This here is the view from my favorite treadmill at the gym. You can't tell very well from this picture, but it was snowing again. I took this pic yesterday, and it's a view I'm getting way too familiar with because it just won't stop snowing. I can't even remember the last time I ran outside. 

Anyway, I also did 60 floors on TMST and a body flow class, but I am getting sick. My chest is all tight and hurty and now I'm coughing. So I skipped today and not sure about tomorrow either. But it turns out I ran more than I thought in April, so I'm well over pace for my 1000k mileage goal. I'm at 381k, so I should be okay I think. 

Thursday, April 28, 2016

Every promise don't work out that way

Dishes smashed on the counter
From our last encounter
Pictures snatched out the frame
Bitch I scratched out your name
Oh and your face
- Bey

My promise ain't workin out that way this month. I accidentally went to happy hour yesterday instead of running. Tues I was in San Fran. So today I did a 3.5 mile run in the gorgeous sunshine and breeze. I felt so good I decided I would also run to yoga. But then I got tired and that didn't happen. So I need 11 miles by Saturday. As I said, every promise don't work out that way.

Monday, April 25, 2016

Shoot

My daddy warned me about me like you
He said said baby girl he's playing you
When trouble comes to town and like me come around
My daddy said shoot
- Sandy

Much has been made in the press about Bey's new release and today I downloaded this fun little ditty that's unlike anything she's done before. A little country. Love it. Today I did 3.5 around the hood in the beautiful breezy evening.

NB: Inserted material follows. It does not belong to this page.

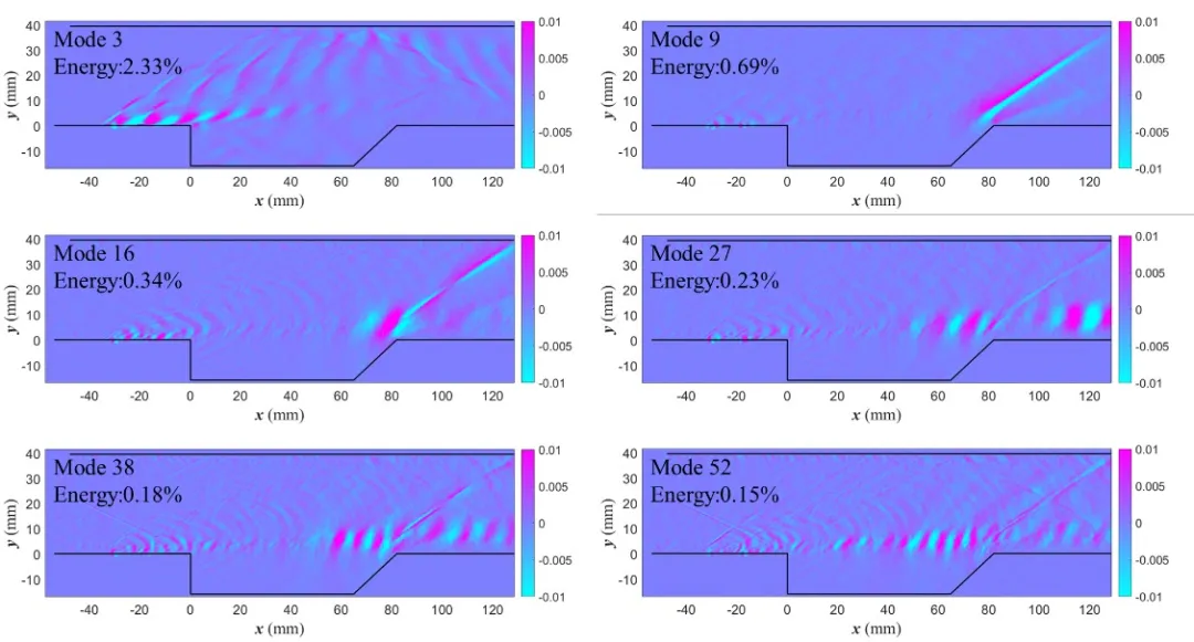 此外,对数据集的POD分析结果表明,等离子体能量沉积显著改变了凹腔流场非定常模态的能量分布,促进了剪切层K-H不稳定性和涡量的提升,并且由于高频放电的强迫,非定常模态的主导频率也被调控至放电频率。

I even wore a light jacket!! I did some walking and hiking with my girls over the weekend but nothing that counts so I'm gonna be short this month. I still need 15.5 miles by Friday!!!

Got a whole lotta reasons to be mad, let's not pick one

There ain't nobody here who can cause me pain or raise my fear
Cause I got only love to share
If you're looking for truth I'm proof you'll find it there

      -Avett Brothers

This is a fun little ditty that I put on my playlist this week. That line about a lot of reasons to be mad makes me laugh. No need to pick just one, people!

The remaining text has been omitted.